## [Task]
For each entry, restate it word for word while omitting any image it holds.

[Stored entries]
"""
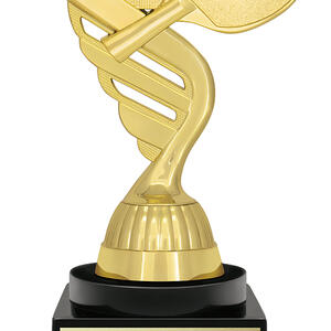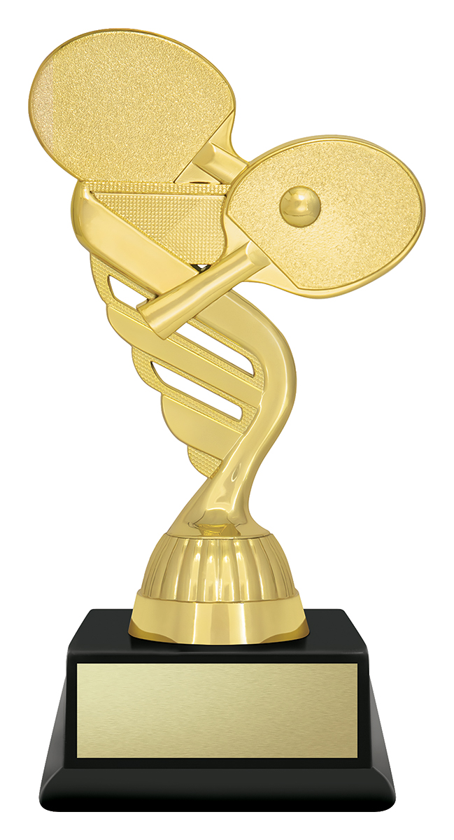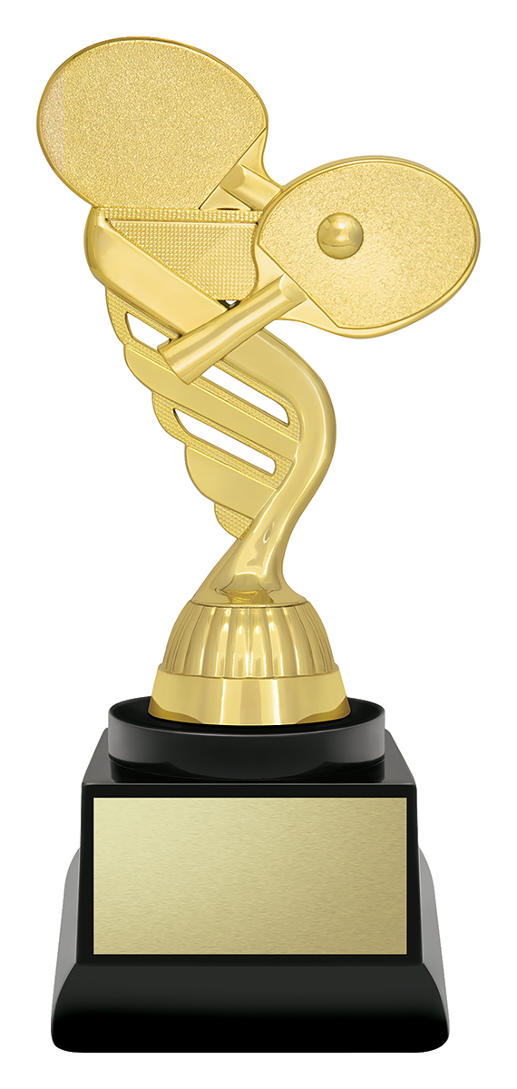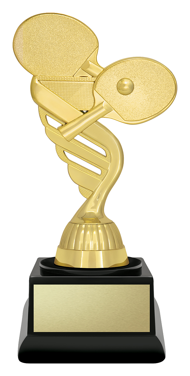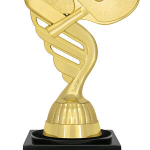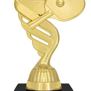 This table tennis trophy features a striking gold and black finish, with two detailed paddles and a ball set atop a solid black base. Crafted from a mix of plastic, it offers a durable and elegant way to recognise achievement in table tennis. Its classic design makes it a memorable choice for competitions and club presentations.
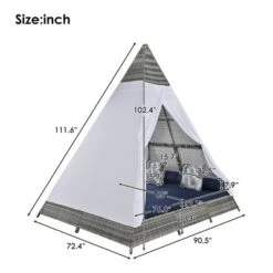 FURNIinspire Patio Chaise Lounges Patio Daybed With Cushions And Tent, Outdoor Wicker Sunbed For Backyard, Garden, Gray And Blue, 72.4“*90.5″*102.4″
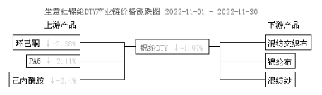 2022年11月,錦綸長絲市場上下游均利空影響,行情延續(xù)弱勢,價格下跌。市場內貨源供應保持充足穩(wěn)定,原料己內酰胺現(xiàn)貨供應充足,價格下跌,錦綸切片弱勢跟進,錦綸長絲成本端利空影響,企業(yè)報盤小幅下探。下游企業(yè)觀望氣氛加重,終端紡服消費仍顯不足,面料采購積極性不高,市場成交氣氛延續(xù)弱勢。
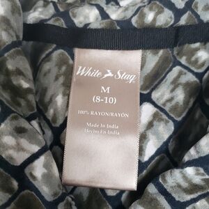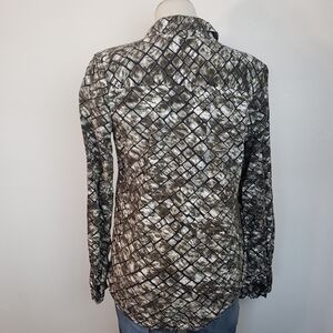 Women's White Stag Button Down Long Sleeve Beautiful black diamon pattern with shade of olive green and white.
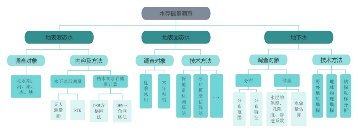 對地表液態(tài)水儲存量、地表固態(tài)水儲存量和地下水儲存量進(jìn)行調(diào)查,調(diào)查對象、內(nèi)容和技術(shù)方法如下圖所示。
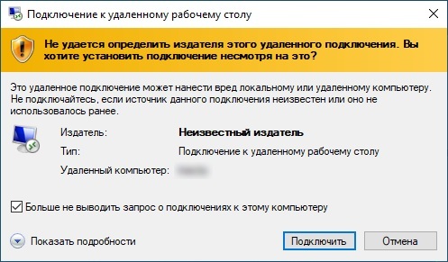 В процессе подключения к виртуальному серверу выводится предупреждение о невозможности проверить подлинность издателя. Поставьте галочку «Больше не выводить запрос о подключениях к этому компьютеру» и кликните «Подключить».
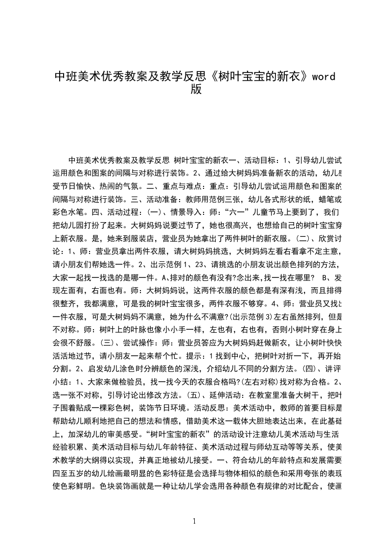 (五)、延伸活动:在教室里准备大树干,把叶子围着贴成一棵彩色树,装饰节日环境。活动反思:美术活动中,教师的首要目标是帮助幼儿顺利地把自己的想法和情感,借助美术这一载体大胆地表达出来,在此基础上,加深幼儿的审美感受。“树叶宝宝的新衣”的活动设计注意幼儿美术活动与生活经验积累、美术活动目标与幼儿年龄特征、美术活动过程与师幼互动等等关系,使美术教学的大纲得以实现,并真正地被幼儿接受。
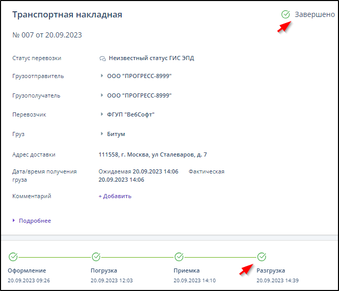 Накладная в разделе "ЭПД" после отправки Титула 4 получает статус "Завершено", выполненный этап "Разгрузка" отмечается зелёной галочкой. Пример:
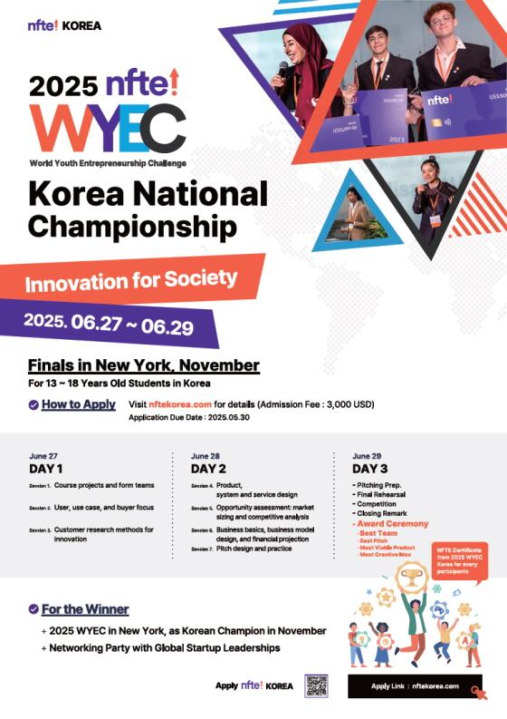 2025 WYEC - Korea National Championship 공모분야 기타분야 접수기간2024.11.01 ~ 2025.05.30 D+203 종료 참가자격 청소년 주최NFTE Korea 주관(주)유어라운드 1등상금(상품)기타 홈페이지 바로가기 첨부파일 다운로드 유의사항 ※본 내용은 참고 자료로 내용의 오류와 변동에 대해 책임지지 않습니다. (오류 및 변동 신고는 상단의 '제안/오류' 신고를 통해 해주십시오.) ※주최사 사정에 따라 일정 및 내용이 변경될 수 있으니 주최사 홈페이지 등을 통해 관련 안내를 수시로 확인하시기 바랍니다. 상세내용 ■ 제목2025 WYEC - Korea National Championship ■ 공모 목적 - 세계적으로 검증된 청소년 글로벌 프로그램인 NFTE 한국 도입 ※ NFTE는 1987년 뉴욕에서 시작된 사회적 가치 실현을 위한 교육을 목적으로 하는 비영리 단체로, 28개국을 대상으로 130만 명 가량의 교육생을 배출 ※ NFTE Korea는 주식회사 유어라운드가 NFTE로부터 한국 지부에 대한 정식 라이센스를 부여받아 운영 중 - NFTE에서 개최하는 세계 대회, 2025 WYEC에 출전할 대한민국 국가대표팀을 선발하기 위한 교육과 대회를 진행 ※ WYEC(World Youth Entrepreneurship Challenge)의 전신인 NYEC(National Youth Entrepreneurship Challenge)는 2006년부터 시작하여, 각 국가를 대표하는 팀들이 모여 사회 문제 해결을 위한 아이디어를 발표함 - 글로벌 트렌드에 맞는 역량(리더십, 영어토론능력, 문제해결능력)을 함양하여, 청소년들이 글로벌 리더로써 성장할 수 있는 기틀 마련 * 자세한 내용은 공식 홈페이지(www.nftekorea.com) 참고 ■ 기간 - 전체 모집 기간: 2024. 11. 01(금) ~ 2025. 05. 30(금) - 행사 일정 : 2025. 6. 27.(금) ~ 6. 29.(일) 2박 3일 - 장소 : 서울올림픽파크텔 ■ 참가자격만 13세 ~ 18세의 청소년 ■ 참여방법 / 접수방법<공모 주제> Innovation for Society <지원 방법> 공식 홈페이지(www.nftekorea.com)를 통해 참가 서류를 다운로드 받은 후 내용을 작성하여 제출 <활동 내용> 총 2박 3일의 기간 동안 참가 학생들은 해외 유수 대학 교수와 KAIST 교육 조교의 멘토링을 통하여, 2025 WYEC Korea를 준비함 * 자세한 내용은 공식 홈페이지(www.nftekorea.com) 참고 <참가비>3,000USD ■ 참가 혜택- 참가자 전원 대회 전 온라인 컨퍼런스 진행- 참가자 전원 2025 WYEC Korea 수료증 발급- Most Creative, Best Pitching 등 각 부문별 우수 팀에게 Award 시상* 일부 우수 학생들에 한하여 대학 교수의 추천서가 제공될 수 있음- 1등 팀에 한하여 대한민국 국가대표팀 자격으로 2025 WYEC 출전 권한 제공* WYEC 출전을 위한 멘토링 교육이 제공되며, 해당 교육 참여는 필수* 위 멘토링 교육에 참여하지 않을 경우, 팀 전원이 낙오* 위와 같은 경우, 후순위 팀에게 출전 권한 제공 예정 ■ 문의 - 이메일 : nftekorea@urround.com - 카카오톡 : NFTE Korea 채널 목록
"""
## [Solution to this problem]
 This table tennis trophy features a striking gold and black finish, with two detailed paddles and a ball set atop a solid black base. Crafted from a mix of plastic, it offers a durable and elegant way to recognise achievement in table tennis. Its classic design makes it a memorable choice for competitions and club presentations.
 FURNIinspire Patio Chaise Lounges Patio Daybed With Cushions And Tent, Outdoor Wicker Sunbed For Backyard, Garden, Gray And Blue, 72.4“*90.5″*102.4″
 2022年11月,錦綸長絲市場上下游均利空影響,行情延續(xù)弱勢,價格下跌。市場內貨源供應保持充足穩(wěn)定,原料己內酰胺現(xiàn)貨供應充足,價格下跌,錦綸切片弱勢跟進,錦綸長絲成本端利空影響,企業(yè)報盤小幅下探。下游企業(yè)觀望氣氛加重,終端紡服消費仍顯不足,面料采購積極性不高,市場成交氣氛延續(xù)弱勢。
 Women's White Stag Button Down Long Sleeve Beautiful black diamon pattern with shade of olive green and white.
 對地表液態(tài)水儲存量、地表固態(tài)水儲存量和地下水儲存量進(jìn)行調(diào)查,調(diào)查對象、內(nèi)容和技術(shù)方法如下圖所示。
 В процессе подключения к виртуальному серверу выводится предупреждение о невозможности проверить подлинность издателя. Поставьте галочку «Больше не выводить запрос о подключениях к этому компьютеру» и кликните «Подключить».
 (五)、延伸活动:在教室里准备大树干,把叶子围着贴成一棵彩色树,装饰节日环境。活动反思:美术活动中,教师的首要目标是帮助幼儿顺利地把自己的想法和情感,借助美术这一载体大胆地表达出来,在此基础上,加深幼儿的审美感受。“树叶宝宝的新衣”的活动设计注意幼儿美术活动与生活经验积累、美术活动目标与幼儿年龄特征、美术活动过程与师幼互动等等关系,使美术教学的大纲得以实现,并真正地被幼儿接受。
 Накладная в разделе "ЭПД" после отправки Титула 4 получает статус "Завершено", выполненный этап "Разгрузка" отмечается зелёной галочкой. Пример:
 2025 WYEC - Korea National Championship 공모분야 기타분야 접수기간2024.11.01 ~ 2025.05.30 D+203 종료 참가자격 청소년 주최NFTE Korea 주관(주)유어라운드 1등상금(상품)기타 홈페이지 바로가기 첨부파일 다운로드 유의사항 ※본 내용은 참고 자료로 내용의 오류와 변동에 대해 책임지지 않습니다. (오류 및 변동 신고는 상단의 '제안/오류' 신고를 통해 해주십시오.) ※주최사 사정에 따라 일정 및 내용이 변경될 수 있으니 주최사 홈페이지 등을 통해 관련 안내를 수시로 확인하시기 바랍니다. 상세내용 ■ 제목2025 WYEC - Korea National Championship ■ 공모 목적 - 세계적으로 검증된 청소년 글로벌 프로그램인 NFTE 한국 도입 ※ NFTE는 1987년 뉴욕에서 시작된 사회적 가치 실현을 위한 교육을 목적으로 하는 비영리 단체로, 28개국을 대상으로 130만 명 가량의 교육생을 배출 ※ NFTE Korea는 주식회사 유어라운드가 NFTE로부터 한국 지부에 대한 정식 라이센스를 부여받아 운영 중 - NFTE에서 개최하는 세계 대회, 2025 WYEC에 출전할 대한민국 국가대표팀을 선발하기 위한 교육과 대회를 진행 ※ WYEC(World Youth Entrepreneurship Challenge)의 전신인 NYEC(National Youth Entrepreneurship Challenge)는 2006년부터 시작하여, 각 국가를 대표하는 팀들이 모여 사회 문제 해결을 위한 아이디어를 발표함 - 글로벌 트렌드에 맞는 역량(리더십, 영어토론능력, 문제해결능력)을 함양하여, 청소년들이 글로벌 리더로써 성장할 수 있는 기틀 마련 * 자세한 내용은 공식 홈페이지(www.nftekorea.com) 참고 ■ 기간 - 전체 모집 기간: 2024. 11. 01(금) ~ 2025. 05. 30(금) - 행사 일정 : 2025. 6. 27.(금) ~ 6. 29.(일) 2박 3일 - 장소 : 서울올림픽파크텔 ■ 참가자격만 13세 ~ 18세의 청소년 ■ 참여방법 / 접수방법<공모 주제> Innovation for Society <지원 방법> 공식 홈페이지(www.nftekorea.com)를 통해 참가 서류를 다운로드 받은 후 내용을 작성하여 제출 <활동 내용> 총 2박 3일의 기간 동안 참가 학생들은 해외 유수 대학 교수와 KAIST 교육 조교의 멘토링을 통하여, 2025 WYEC Korea를 준비함 * 자세한 내용은 공식 홈페이지(www.nftekorea.com) 참고 <참가비>3,000USD ■ 참가 혜택- 참가자 전원 대회 전 온라인 컨퍼런스 진행- 참가자 전원 2025 WYEC Korea 수료증 발급- Most Creative, Best Pitching 등 각 부문별 우수 팀에게 Award 시상* 일부 우수 학생들에 한하여 대학 교수의 추천서가 제공될 수 있음- 1등 팀에 한하여 대한민국 국가대표팀 자격으로 2025 WYEC 출전 권한 제공* WYEC 출전을 위한 멘토링 교육이 제공되며, 해당 교육 참여는 필수* 위 멘토링 교육에 참여하지 않을 경우, 팀 전원이 낙오* 위와 같은 경우, 후순위 팀에게 출전 권한 제공 예정 ■ 문의 - 이메일 : nftekorea@urround.com - 카카오톡 : NFTE Korea 채널 목록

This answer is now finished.